_Records to process_
-- Opening Marker --

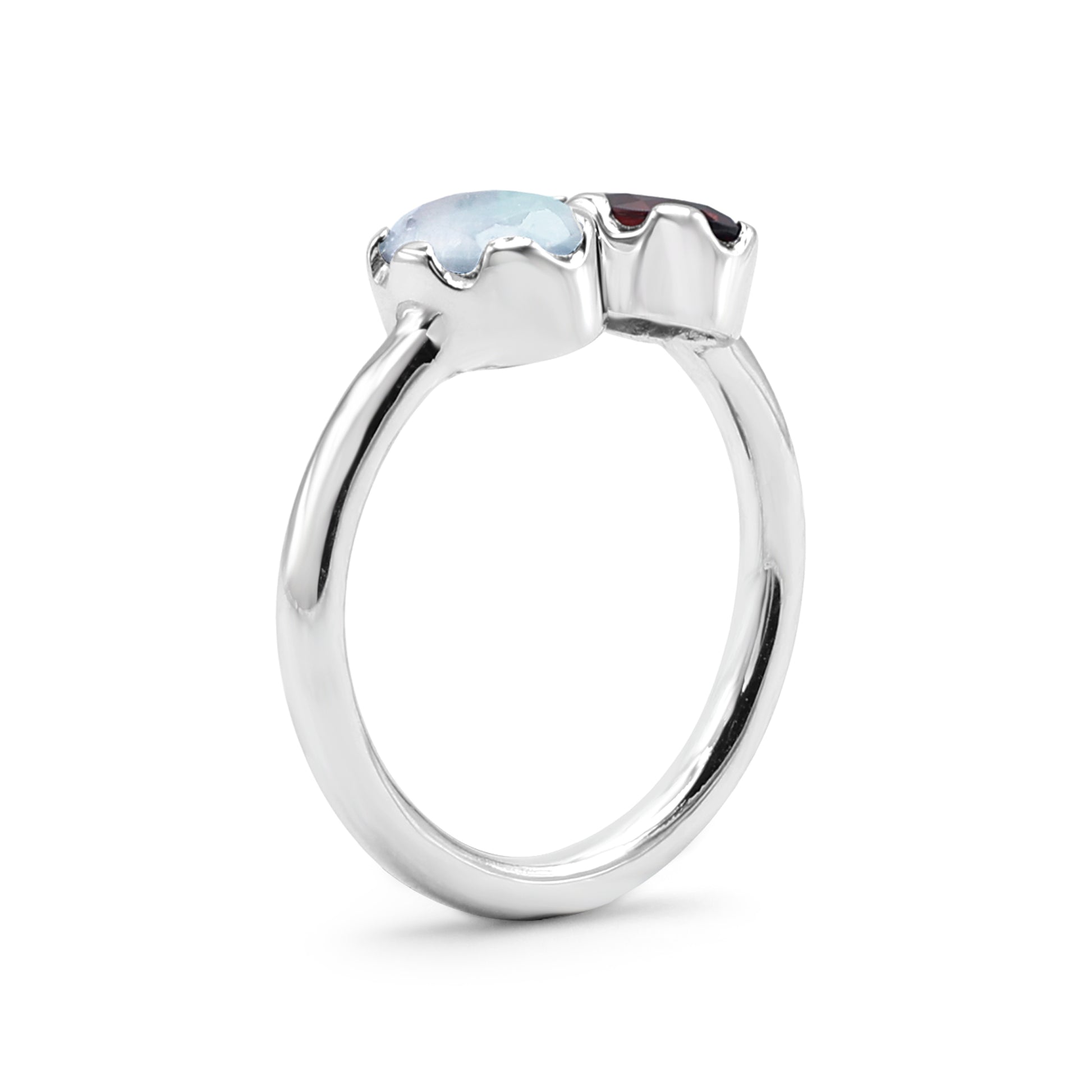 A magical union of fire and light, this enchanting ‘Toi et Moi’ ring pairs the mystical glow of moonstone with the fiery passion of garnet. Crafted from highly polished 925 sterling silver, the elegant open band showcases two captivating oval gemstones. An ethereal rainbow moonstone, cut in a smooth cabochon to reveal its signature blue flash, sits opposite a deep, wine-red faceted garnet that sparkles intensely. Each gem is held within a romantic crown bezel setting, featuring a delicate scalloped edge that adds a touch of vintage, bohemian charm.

-- Closing Marker --
-- Opening Marker --

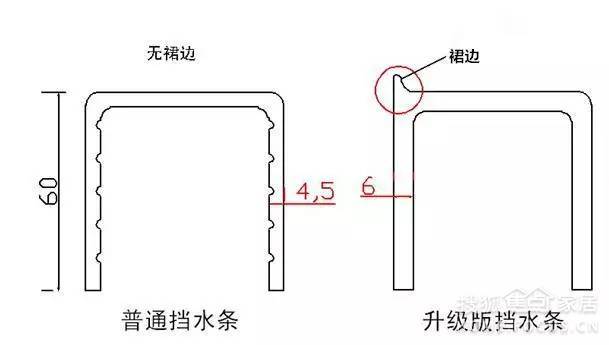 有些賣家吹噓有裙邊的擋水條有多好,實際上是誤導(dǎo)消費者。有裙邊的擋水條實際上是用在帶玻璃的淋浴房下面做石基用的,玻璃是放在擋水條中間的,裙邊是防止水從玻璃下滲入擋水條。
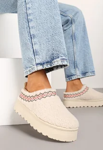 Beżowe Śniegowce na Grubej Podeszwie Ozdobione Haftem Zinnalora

-- Closing Marker --

_Exercise objective_
Reproduce the lines above beginning at the line that contains "有些賣家吹噓有裙邊的擋水條有" and ending at the line that contains "Beżowe Śniegowce na". No pictures.

_Response to this exercise_
 有些賣家吹噓有裙邊的擋水條有多好,實際上是誤導(dǎo)消費者。有裙邊的擋水條實際上是用在帶玻璃的淋浴房下面做石基用的,玻璃是放在擋水條中間的,裙邊是防止水從玻璃下滲入擋水條。
 Beżowe Śniegowce na Grubej Podeszwie Ozdobione Haftem Zinnalora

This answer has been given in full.